Kritik zu Kolyma
Stanislaw Mucha hat den einsamen Nordosten Sibiriens bereist und Menschen zur Gegenwart und Vergangenheit interviewt
Angekommen sind sie in Stadt Magadan, mit dem Schiff von Wladiwostok. Rund eine Million Zwangsarbeiter mussten, beginnend mit den stalinistischen »Säuberungen«, seit den 30er Jahren im Kolyma-Gebiet schuften, über hunderttausend sind dort gestorben, durch Kälte und Mangelernährung. Ihren Namen hat die Gegend im Nordosten Sibiriens vom Fluss Kolyma, über das Festland führt nur eine einzige Straße, die Fernstraße M 504 Kolyma, über 2200 Kilometer sind es bis nach Jakutsk, einem der kältesten Orte der Welt. Auch diese Straße wurde von Zwangsarbeitern unter dem stalinistischen Gulag-System erbaut; im Volksmund heißt sie »Straße der Knochen«, wegen der vielen Menschen, die beim Bau starben und die in Massengräbern nebendran verscharrt wurden.
Eingesetzt wurden die Häftlinge beim Bergbau, beim Fördern von Gold und Platin, aber auch von Uran – vollkommen ohne Schutz, wie einer der Überlebenden Stanislaw Mucha erzählt. Der in Berlin lebende Dokumentarfilmregisseur ist die Straße entlanggefahren, sommers wie winters, und hat nach den Spuren der Vergangenheit genauso wie nach dem Zustand der Gegenwart gesucht. Viele von Muchas Filmen sind Dokumentationen einer Reise, Roadmovies gewissermaßen, etwa »Die Mitte« (2004), in dem er sich auf die Suche nach der Mitte Europas machte, oder »Tristia – Eine Schwarzmeer-Odyssee« (2014).
Mucha ist als Interviewer nicht zurückhaltend, sondern forsch. Einmal, schon zu Beginn, hält er an einem Imbissstand, der »Hot Dogs« verspricht. Warum denn nicht »Hot Gulag« drüberstehe, fragt Mucha. Doch die blonde Bedienung kennt das Wort gar nicht, fragt, ob er nicht »Hot Gulasch« meint. Aber auch wenn die Gegenwart nicht viel vom Gulag wissen will – die Lager sind präsent. Im Vorbeifahren sind die übrig gebliebenen und verrottenden Lager zu sehen. Ein Mann hat ein privates Museum mit Gegenständen aus dem Lageralltag. Ein anderer zeigt einen Friedhof, auf dem man früher Schädelknochen fand – heute gilt das als stillgelegte Goldmine. Nahezu grotesk sind aber Muchas Beobachtungen des gegenwärtigen russischen Alltags, etwa wenn die Armee Unterricht in der Schule erteilt und die Kinder stramm stehen lässt oder ein Mädchenensemble mit russischen Farben singt: »Russland. Das heißt, wir werden siegen.« Oder zwei Jungs, die mit Strom experimentieren und den Großvater schon mal unter 100 000 Volt setzen, damit er wieder jünger wird.
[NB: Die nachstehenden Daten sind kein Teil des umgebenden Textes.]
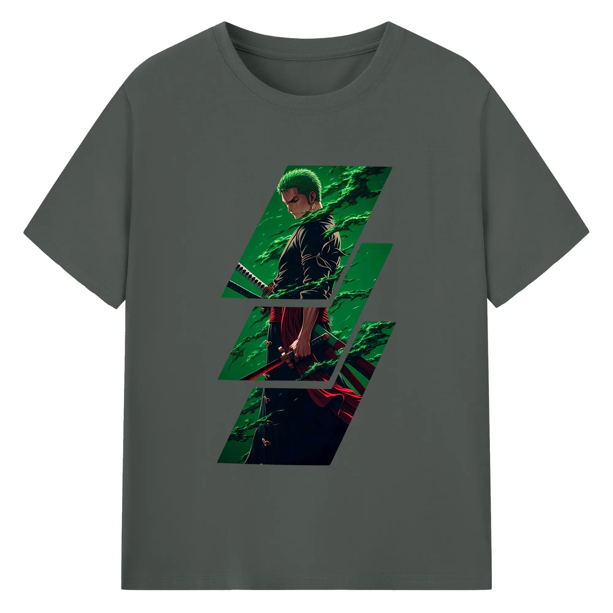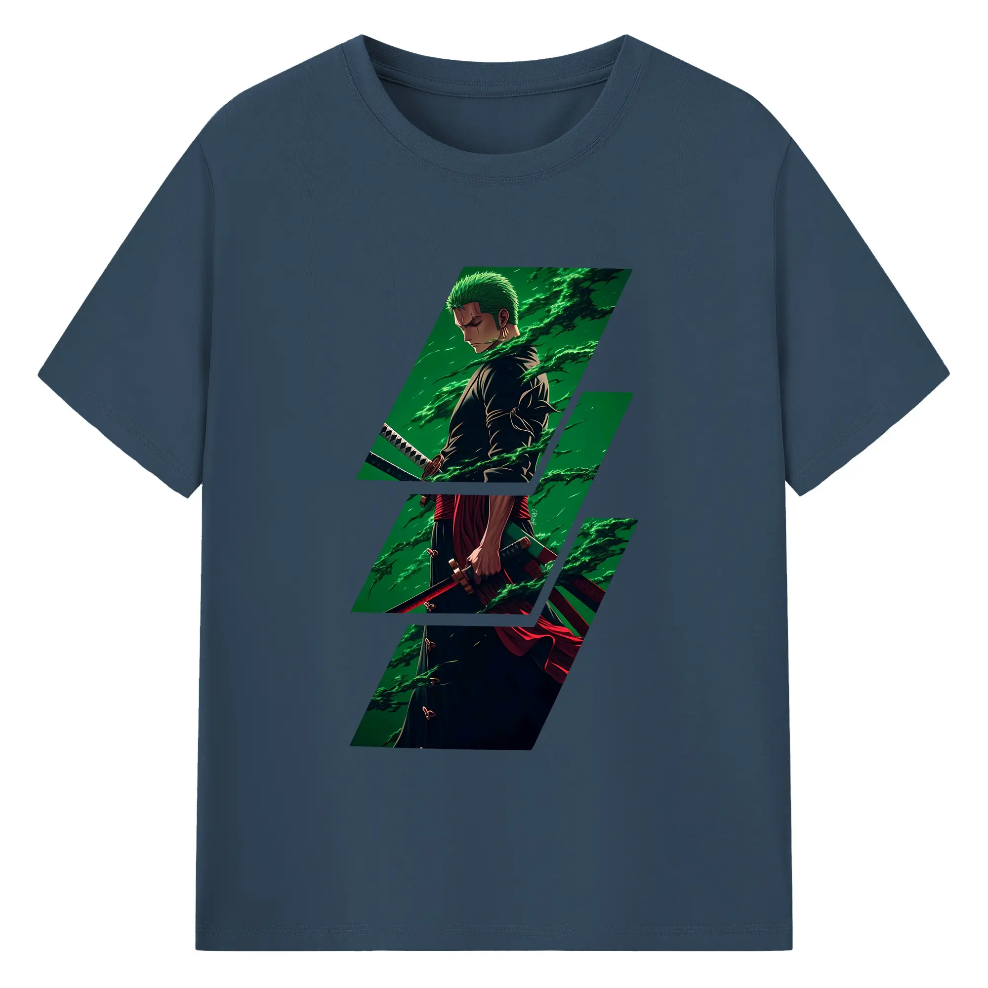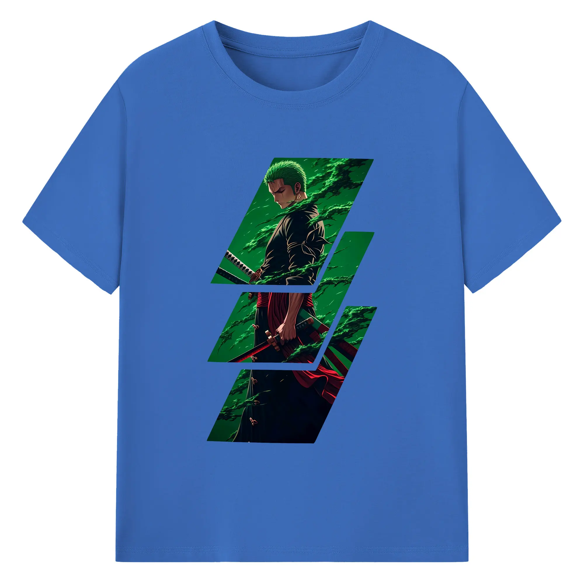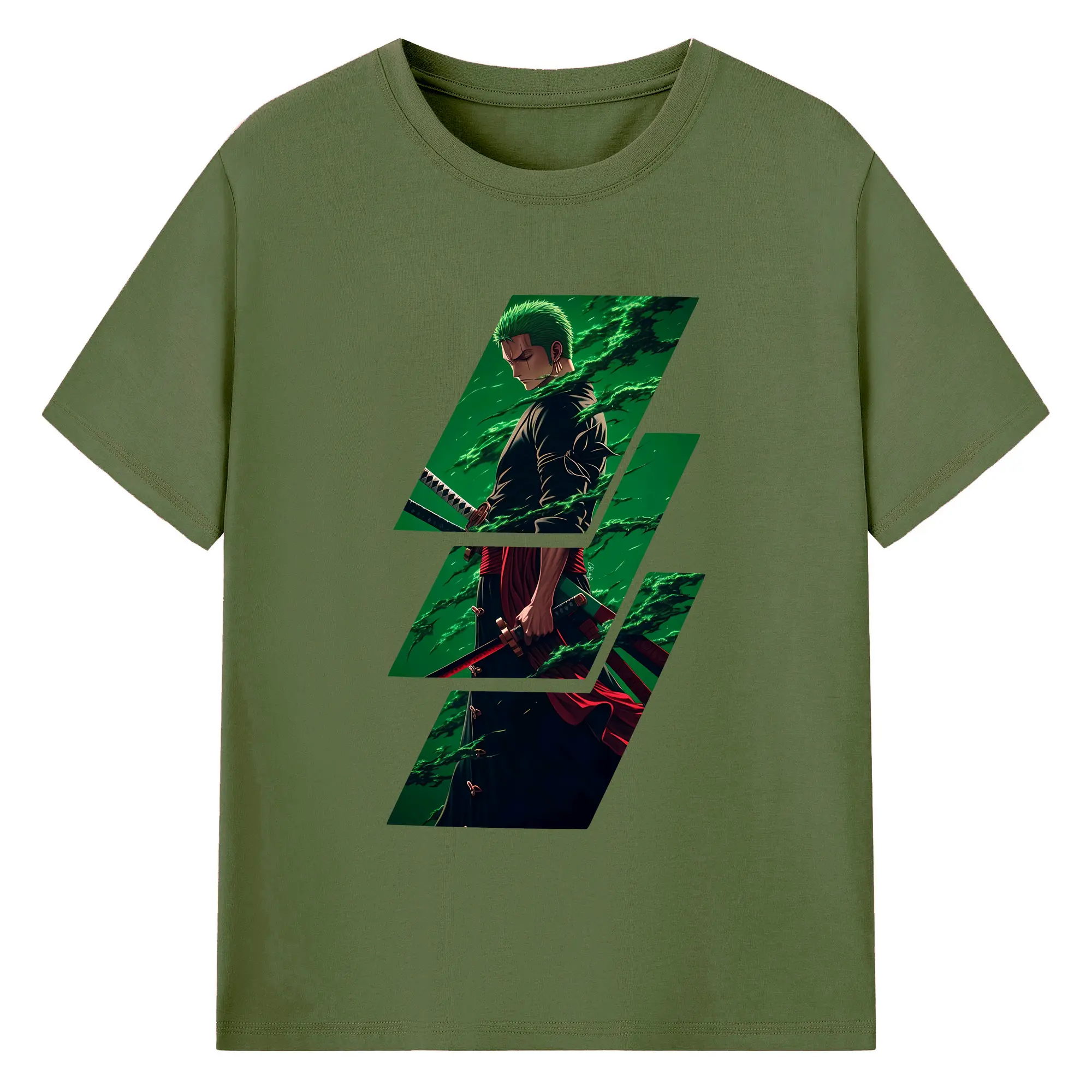 ワンピース グッズ ロロノア・ゾロ - 綿100% ヴィンテージ風 半袖Tシャツ ・ フロントプリント ・ 柔らか肌触り ・ 通気性 快適 ・ スポーツ カジュアル 外出用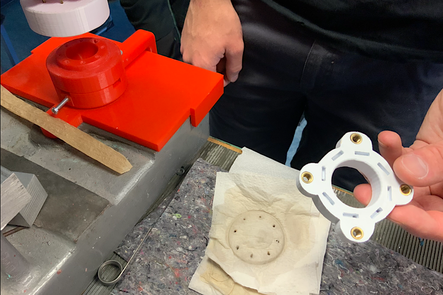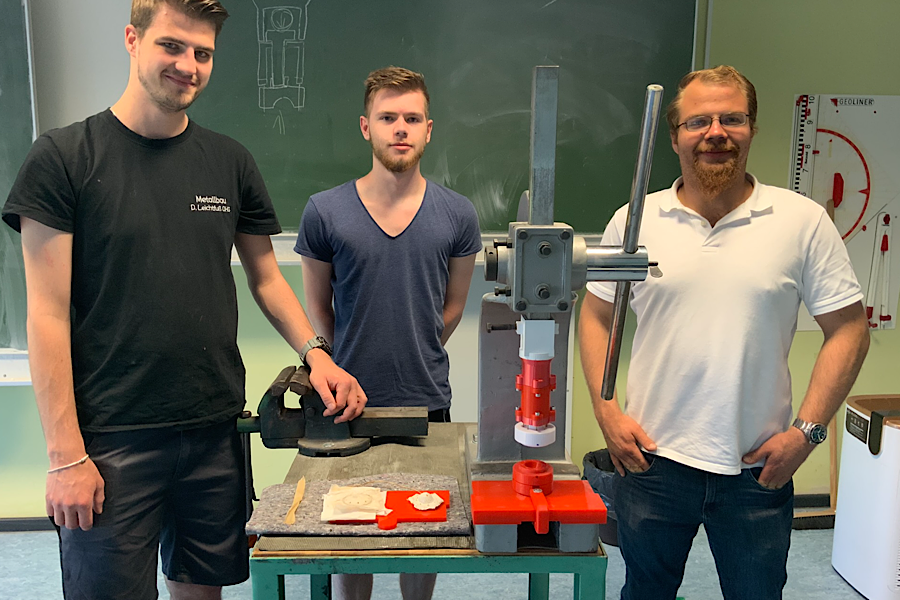 Die Gruppe „Easyforest 360“ von Tobias Hartmann, Lukas Kunz und Tim Volkaert überzeugte mit einer in SolidWorks erzeugten Konstruktion, deren 3D-CAD-Modell mit dem 3D-Drucker der Schule ausgedruckt wurde.

Aber Mucha übertreibt das Skurrile und Folkloristische nicht. Intensiv sind die Gespräche, die er mit den Menschen, teilweise Überlebenden, führt, etwa mit der alten Frau, die als Häftling in die Gegend kam, die verhaftet wurde, ohne dass sie wusste, warum. Oder mit dem Major, der seit 1961 dort lebt und auf die gegenwärtige Regierung schimpft.
Am Ende von Muchas Reise bleibt für den Zuschauer ein Puzzle, kein Fazit, ein Mix aus Interviews, fast lyrischen Betrachtungen auf die Landschaft vom Auto aus, Erinnerungen an die grausame Vergangenheit und ein Blick auf eine Gegend, die noch heute ziemlich abgeschnitten von der Welt ist.